The past few weeks have been rough on me! I have just felt a little down and out, and I dont know why!!? I have been so grumpy and edgy! I feel myself go from 1 to angry over small things and I wonder why? I have been feeling constantly overwhelmed and upset and it makes me sad!
I snap at the boys and scare myself! I can see how I react in their faces and then I just want to be different! I know I DONT want the be that kind of Mom! I want to respond quietly and sweetly I want to brush of the everyday messes and just be able to relax and play with them... but for some reason lately I cant!!! And my heart slows down and I just ache because I DONT WANT TO BE THIS GIRL!
Today was another bad day, the kids made too many messes and fought too much and at nap time they just screamed and beat on each other! The first time I went in I threatened them with no more juice and raised my voice!
As I sat down I remembered a blog Amber recommended I read for a little pick me up and this sweet girl I dont even know softened my heart and helped me hear what the spirit was trying to tell me!
At that moment the boys started crying and I could tell someone hurt someone else! I went in softly and asked Spencer to come sit next to me and Cooper (who was the victim THIS time) I told him I wanted to be a better mommy and told him I needed Heavenly Fathers help! So we said a prayer together!
Cooper wiggled and I cried and asked Heavenly Father to help me answer with tenderness instead of harshness to laugh and play instead of correct and scold!
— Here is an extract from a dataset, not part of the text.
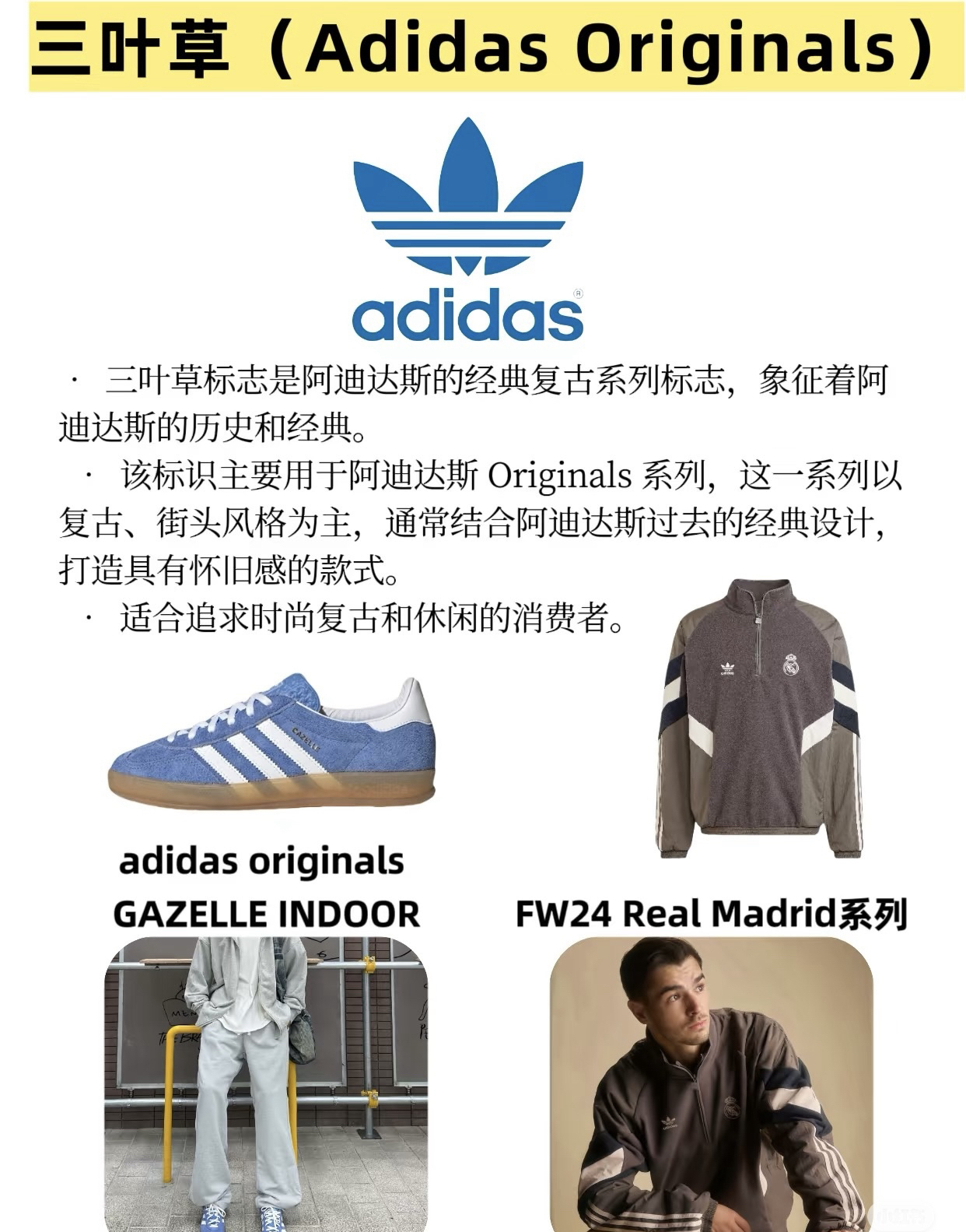 1. 三叶草标志(Adidas Originals):这个标志象征着将三个大陆板块连接在一起,形状如同地球立体三维的平面展开,与世界地图非常相似,代表着延展到全世界的运动力量。这个标志也象征着阿迪达斯品牌的创始人阿迪·达斯勒在运动鞋上所缝的三条纹路。三叶草标志从1972年开始成为阿迪达斯的标志,后来在1996年被专门使用于经典系列Original产品,这个系列选择阿迪达斯历史上最好的产品作为蓝本...

I asked for extra strength to think before I respond so we could be a happier family!
When I closed the prayer and opened my wet eyes I saw my two beautiful boys and felt such clarity and peace! I knew that if I just took some time to ask for the extra help I needed I COULD be more of the kind of MOM I want to be and my BEAUTIFUL boys DESERVE! I dont have to wonder how, I KNOW that I can get all the extra strength I need if I only turn to my Brother and ASK!
So in the moments of frustration that are SURE to come (before I even finish this post, I'm sure!!) I am going to try and just ask for help as I approach a intense situation! And hopefully my kinder attitude will rub off on them!! AND if not well I'll know where to turn....
So thank you to Amber and this sweet girl who opened her heart and testimony; you were the instruments in His hands to show me that He knows me and is ready to help me!!